[Work instruction]:
Each entry is to be reproduced verbatim, and images are to be omitted.

[Study material]:
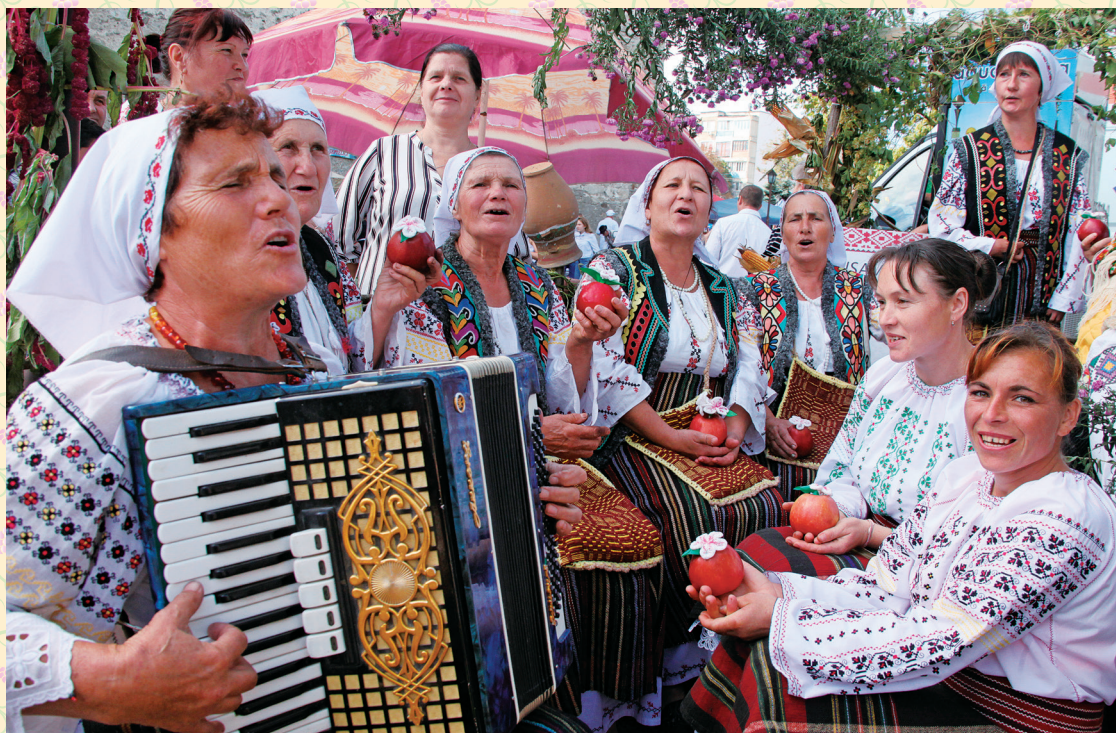
@みやこうせい。ラテン民族のモルドバ人の生活には歌やダンスが溢れています。
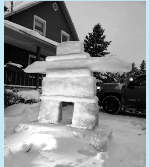
2e Mireille Ouellet
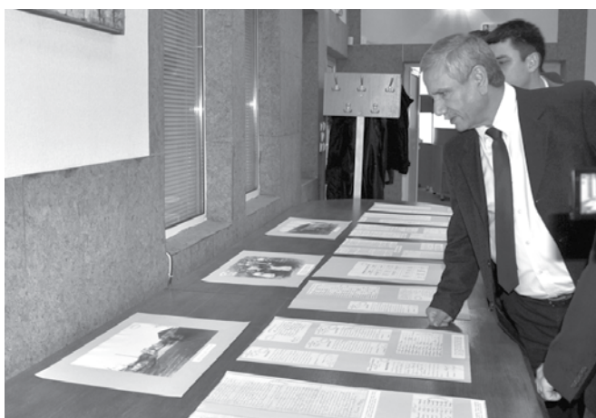
С интерес посланикът на Израел разгледа документалната изложба, включваща документи и архивни снимки за живота на известния художник Жул Паскин, роден в дунавския град в семейството на известната еврейска фамилия Пинкас

региона. На първо място той посочи, че градът се
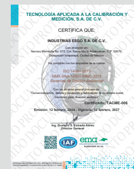
IMAGEN PROTEGIDA POR LA LEY DE DERECHOS DE AUTOR POR EL INSTITUTO MEXICANO DE LA PROPIEDAD INDUSTRIAL No. 299964
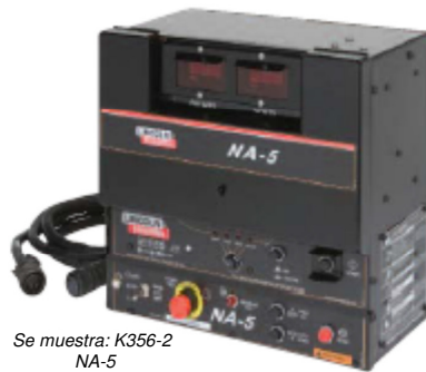
Se muestra: K356-2 NA-5
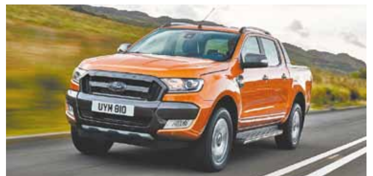
Mercado europeu - Picape teve um crescimento de 27% nas vendas

Conhecida por aliar capacidade para enfrentar todo-terreno, excelente dirigibilidade e conforto para os ocupantes, a Ford Ranger eleva ainda mais o padrão no novo modelo.
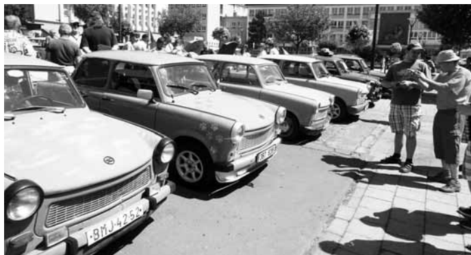
Trabi. Na náměstí Republiky v Blansku se v sobotu konal sedmý sraz vozidel trabant. Na setkání dorazila třicítka aut této proslulé značky. Po prohlídce se vozidla vydala na společnou projížďku.

„Questing je cesta za poznáním určitého území s pokladem objeveným na konci, jde o hru podobnou naší šipkové. Je určena především těm, kteří mají rádi pohyb ve volné přírodě a rádi se při svém putování dozvědí něco nového. Hráči putují po předem naplánované trase a během cesty řeší různé úkoly. Jejich výsledky si zapisují. V závěru, pokud luštitelé správně vyřeší tajenku, je čeká „poklad“,“ doplnila Kučerová. (hrr)
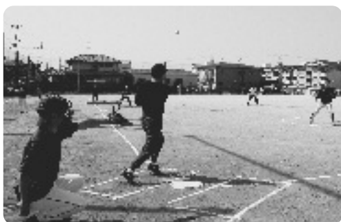
青空の下熱戦が繰り広げられました
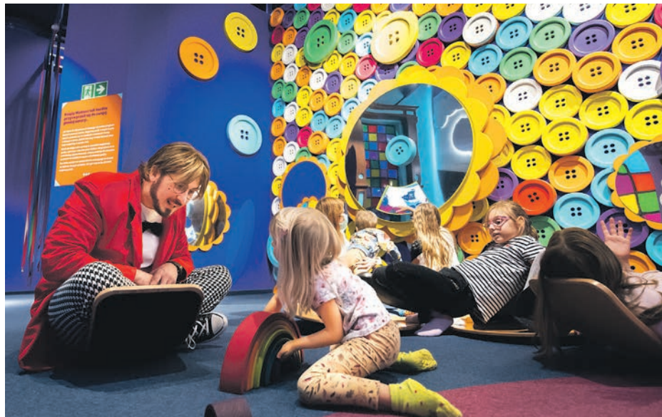
Bajka Pana Kleksa to nie tylko Wytwórnia Kultury, Nauki i Zabawy, ale też – na co wskazuje wyróżnienie zdobyte w konkursie Katowizje – firma społecznie odpowiedzialna

Zaangażowanie firm w życie lokalnej społeczności nie jest niczym nowym. Krótko mówiąc, biznes to ludzie, bez których nic nie może się udać. Jeśli możemy dać coś od siebie, to dajemy, bo uważamy, że dzięki temu świat staje się lepszy. Akcje charytatywne, kampanie społeczne, organizowanie różnych wydarzeń poświęconych np. ekologii, ulepszanie warunków pracy dla pracowników – to wszystko ma sprawić, by z jednej strony komuś pomóc, ale z drugiej, by uczyć się wzajemnego szacunku, tolerancji i ciekawości świata.
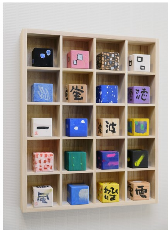
手のひらサイズの桐箱に描かれた、季節の文字
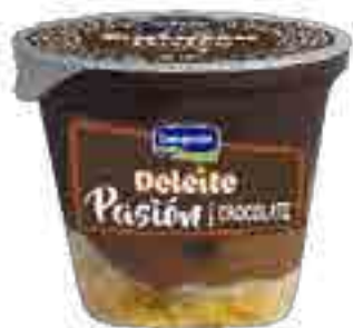
Pasi3n Chocolate Cont. Neto 100 grs
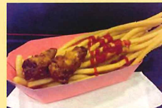
中崎水産 ふくダンロングポテト
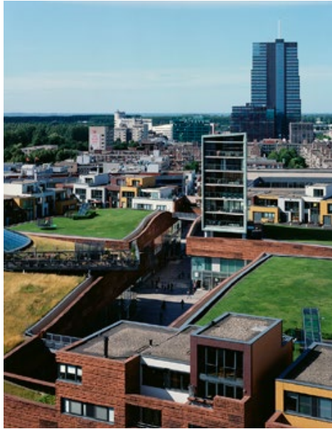
D.3 PORTRET VAN EEN NEW TOWN 78 x 100 cm Almere, 2012
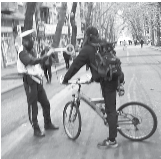
Преди време успешно се провеждаха акции срещу велосипедисти, такива срещу просяци липсват

Затова председателят на Комисията по общест-
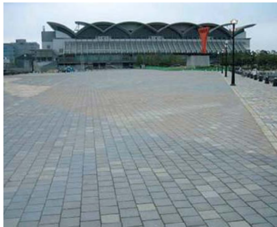
復旧が完了したイベントバース(中央ふ頭地区)
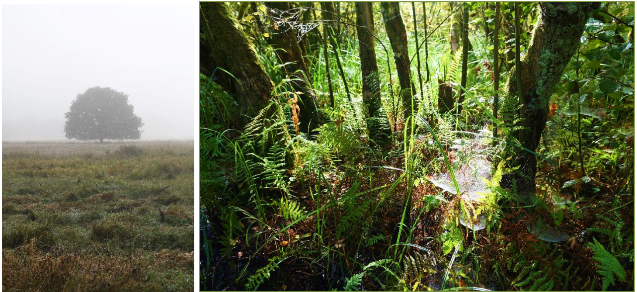
Sommerstemning i Tåstruplandet.

DN Aarhus beskæftiger sig med et væld af forskellige opgaver i årets løb. Med udgangspunkt i foreningens formåls erklæring (§2 stk. 1) om at skabe et bæredygtigt samfund med et smukt og varieret landskab, en rig og mangfoldig natur, et rent og sundt miljø og uden negative klimapåvirkninger er det næsten kun fantasien – og selvfølgelig vore begrænsede ressourcer – der sætter grænserne. I det følgende finder du et repræsentativt udpluk af vore aktiviteter i det forgangne år.
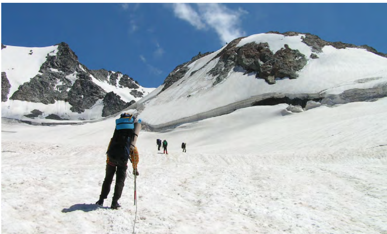
Підйом на пер. Джантуган зах. з долини р.Адил-су
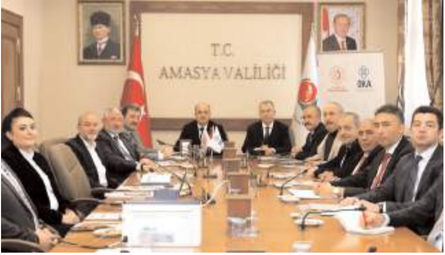
OKA yılın ilk toplantısını Amasya'da yaptı.
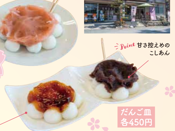
Point 甘さ控えめのしあん
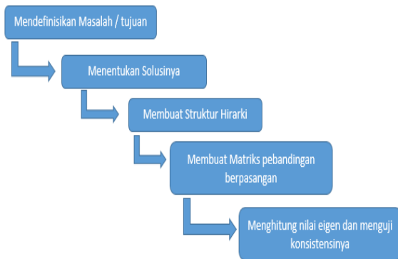
Gambar 3.1 Diagram Alir metode AHP (Suryadi, 2000)

Pada dasarnya langkah-langkah dalam metode AHP meliputi :

[Solution to the exercise]:
@みやこうせい。ラテン民族のモルドバ人の生活には歌やダンスが溢れています。
2e Mireille Ouellet
С интерес посланикът на Израел разгледа документалната изложба, включваща документи и архивни снимки за живота на известния художник Жул Паскин, роден в дунавския град в семейството на известната еврейска фамилия Пинкас

региона. На първо място той посочи, че градът се
IMAGEN PROTEGIDA POR LA LEY DE DERECHOS DE AUTOR POR EL INSTITUTO MEXICANO DE LA PROPIEDAD INDUSTRIAL No. 299964
Se muestra: K356-2 NA-5
Mercado europeu - Picape teve um crescimento de 27% nas vendas

Conhecida por aliar capacidade para enfrentar todo-terreno, excelente dirigibilidade e conforto para os ocupantes, a Ford Ranger eleva ainda mais o padrão no novo modelo.
Trabi. Na náměstí Republiky v Blansku se v sobotu konal sedmý sraz vozidel trabant. Na setkání dorazila třicítka aut této proslulé značky. Po prohlídce se vozidla vydala na společnou projížďku.

„Questing je cesta za poznáním určitého území s pokladem objeveným na konci, jde o hru podobnou naší šipkové. Je určena především těm, kteří mají rádi pohyb ve volné přírodě a rádi se při svém putování dozvědí něco nového. Hráči putují po předem naplánované trase a během cesty řeší různé úkoly. Jejich výsledky si zapisují. V závěru, pokud luštitelé správně vyřeší tajenku, je čeká „poklad“,“ doplnila Kučerová. (hrr)
青空の下熱戦が繰り広げられました
Bajka Pana Kleksa to nie tylko Wytwórnia Kultury, Nauki i Zabawy, ale też – na co wskazuje wyróżnienie zdobyte w konkursie Katowizje – firma społecznie odpowiedzialna

Zaangażowanie firm w życie lokalnej społeczności nie jest niczym nowym. Krótko mówiąc, biznes to ludzie, bez których nic nie może się udać. Jeśli możemy dać coś od siebie, to dajemy, bo uważamy, że dzięki temu świat staje się lepszy. Akcje charytatywne, kampanie społeczne, organizowanie różnych wydarzeń poświęconych np. ekologii, ulepszanie warunków pracy dla pracowników – to wszystko ma sprawić, by z jednej strony komuś pomóc, ale z drugiej, by uczyć się wzajemnego szacunku, tolerancji i ciekawości świata.
手のひらサイズの桐箱に描かれた、季節の文字
Pasi3n Chocolate Cont. Neto 100 grs
中崎水産 ふくダンロングポテト
D.3 PORTRET VAN EEN NEW TOWN 78 x 100 cm Almere, 2012
Преди време успешно се провеждаха акции срещу велосипедисти, такива срещу просяци липсват

Затова председателят на Комисията по общест-
復旧が完了したイベントバース(中央ふ頭地区)
Sommerstemning i Tåstruplandet.

DN Aarhus beskæftiger sig med et væld af forskellige opgaver i årets løb. Med udgangspunkt i foreningens formåls erklæring (§2 stk. 1) om at skabe et bæredygtigt samfund med et smukt og varieret landskab, en rig og mangfoldig natur, et rent og sundt miljø og uden negative klimapåvirkninger er det næsten kun fantasien – og selvfølgelig vore begrænsede ressourcer – der sætter grænserne. I det følgende finder du et repræsentativt udpluk af vore aktiviteter i det forgangne år.
Підйом на пер. Джантуган зах. з долини р.Адил-су
OKA yılın ilk toplantısını Amasya'da yaptı.
Point 甘さ控えめのしあん
Gambar 3.1 Diagram Alir metode AHP (Suryadi, 2000)

Pada dasarnya langkah-langkah dalam metode AHP meliputi :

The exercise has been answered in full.